START Record extracts

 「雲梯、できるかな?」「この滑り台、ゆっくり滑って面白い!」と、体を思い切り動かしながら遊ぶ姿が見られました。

END Record extracts
START Record extracts

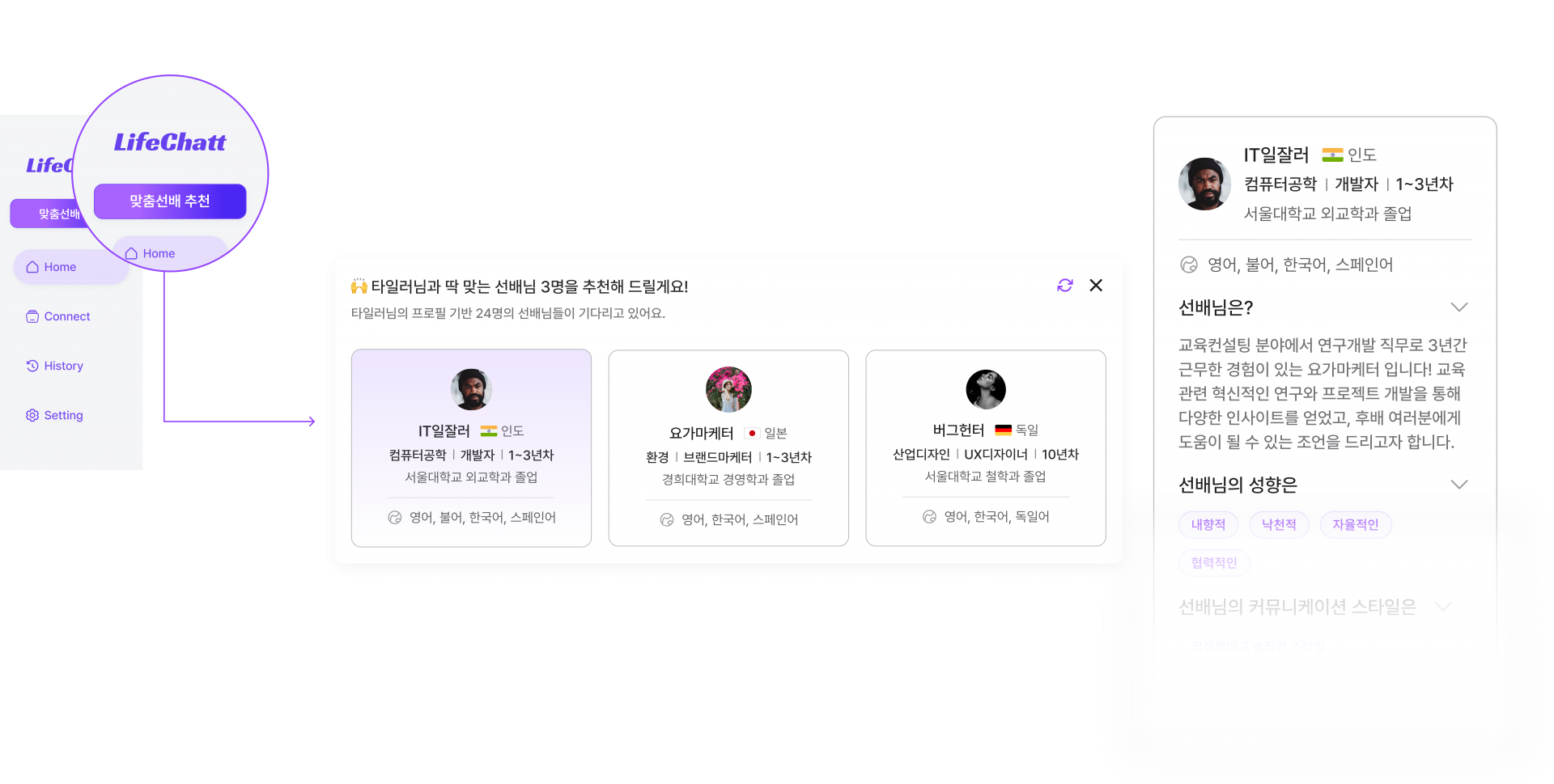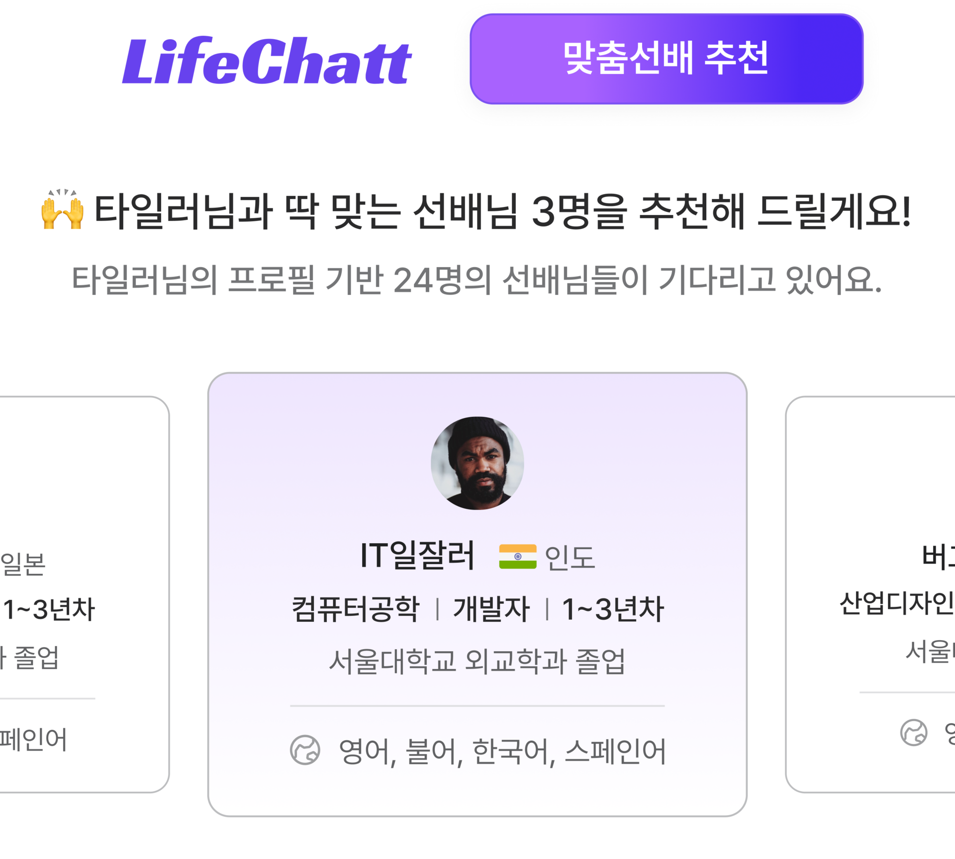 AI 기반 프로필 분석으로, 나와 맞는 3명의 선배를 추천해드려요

END Record extracts
START Record extracts

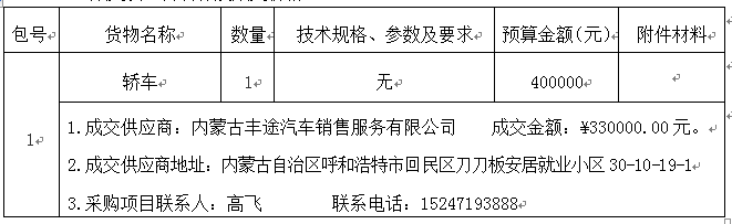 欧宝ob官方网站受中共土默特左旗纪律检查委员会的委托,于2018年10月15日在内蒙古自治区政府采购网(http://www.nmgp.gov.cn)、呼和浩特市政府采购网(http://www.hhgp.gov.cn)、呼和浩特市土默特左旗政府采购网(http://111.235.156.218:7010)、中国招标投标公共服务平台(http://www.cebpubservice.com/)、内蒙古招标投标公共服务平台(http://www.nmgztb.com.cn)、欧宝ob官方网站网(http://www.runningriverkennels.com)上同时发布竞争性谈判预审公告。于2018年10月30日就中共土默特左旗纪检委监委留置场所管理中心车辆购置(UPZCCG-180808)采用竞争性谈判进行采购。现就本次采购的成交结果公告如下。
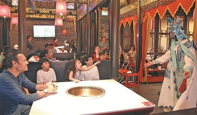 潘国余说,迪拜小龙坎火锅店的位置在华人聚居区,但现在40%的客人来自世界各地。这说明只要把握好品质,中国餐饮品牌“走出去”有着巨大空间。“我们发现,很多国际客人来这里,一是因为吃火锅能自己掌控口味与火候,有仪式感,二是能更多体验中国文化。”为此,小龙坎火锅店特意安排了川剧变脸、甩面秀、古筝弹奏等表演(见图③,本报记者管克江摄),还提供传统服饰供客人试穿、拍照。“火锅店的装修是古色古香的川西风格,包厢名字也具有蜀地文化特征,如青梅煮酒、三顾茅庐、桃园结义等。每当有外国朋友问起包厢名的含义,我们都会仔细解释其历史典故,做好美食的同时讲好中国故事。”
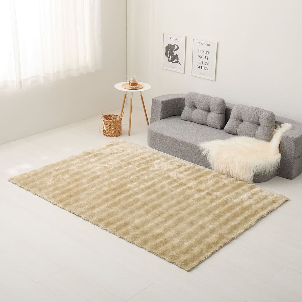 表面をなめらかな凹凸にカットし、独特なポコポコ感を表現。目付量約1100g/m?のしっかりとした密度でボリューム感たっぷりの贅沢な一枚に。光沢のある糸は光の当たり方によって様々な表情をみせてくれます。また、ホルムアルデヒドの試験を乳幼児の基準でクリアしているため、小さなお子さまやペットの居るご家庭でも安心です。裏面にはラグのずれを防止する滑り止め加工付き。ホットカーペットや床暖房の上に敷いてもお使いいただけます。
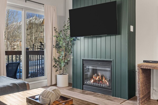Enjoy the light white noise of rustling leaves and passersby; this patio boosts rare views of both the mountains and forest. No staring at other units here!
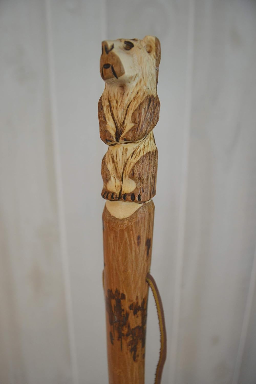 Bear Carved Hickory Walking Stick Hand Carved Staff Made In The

END Record extracts

What to work on: Only the lines above from the one containing "欧宝ob官方网站受中共土默特" through the one containing "Bear Carved Hickory" should be returned, verbatim and inclusive, with pictures excluded.

Written response:
 欧宝ob官方网站受中共土默特左旗纪律检查委员会的委托,于2018年10月15日在内蒙古自治区政府采购网(http://www.nmgp.gov.cn)、呼和浩特市政府采购网(http://www.hhgp.gov.cn)、呼和浩特市土默特左旗政府采购网(http://111.235.156.218:7010)、中国招标投标公共服务平台(http://www.cebpubservice.com/)、内蒙古招标投标公共服务平台(http://www.nmgztb.com.cn)、欧宝ob官方网站网(http://www.runningriverkennels.com)上同时发布竞争性谈判预审公告。于2018年10月30日就中共土默特左旗纪检委监委留置场所管理中心车辆购置(UPZCCG-180808)采用竞争性谈判进行采购。现就本次采购的成交结果公告如下。
 潘国余说,迪拜小龙坎火锅店的位置在华人聚居区,但现在40%的客人来自世界各地。这说明只要把握好品质,中国餐饮品牌“走出去”有着巨大空间。“我们发现,很多国际客人来这里,一是因为吃火锅能自己掌控口味与火候,有仪式感,二是能更多体验中国文化。”为此,小龙坎火锅店特意安排了川剧变脸、甩面秀、古筝弹奏等表演(见图③,本报记者管克江摄),还提供传统服饰供客人试穿、拍照。“火锅店的装修是古色古香的川西风格,包厢名字也具有蜀地文化特征,如青梅煮酒、三顾茅庐、桃园结义等。每当有外国朋友问起包厢名的含义,我们都会仔细解释其历史典故,做好美食的同时讲好中国故事。”
 表面をなめらかな凹凸にカットし、独特なポコポコ感を表現。目付量約1100g/m?のしっかりとした密度でボリューム感たっぷりの贅沢な一枚に。光沢のある糸は光の当たり方によって様々な表情をみせてくれます。また、ホルムアルデヒドの試験を乳幼児の基準でクリアしているため、小さなお子さまやペットの居るご家庭でも安心です。裏面にはラグのずれを防止する滑り止め加工付き。ホットカーペットや床暖房の上に敷いてもお使いいただけます。
Enjoy the light white noise of rustling leaves and passersby; this patio boosts rare views of both the mountains and forest. No staring at other units here!
 Bear Carved Hickory Walking Stick Hand Carved Staff Made In The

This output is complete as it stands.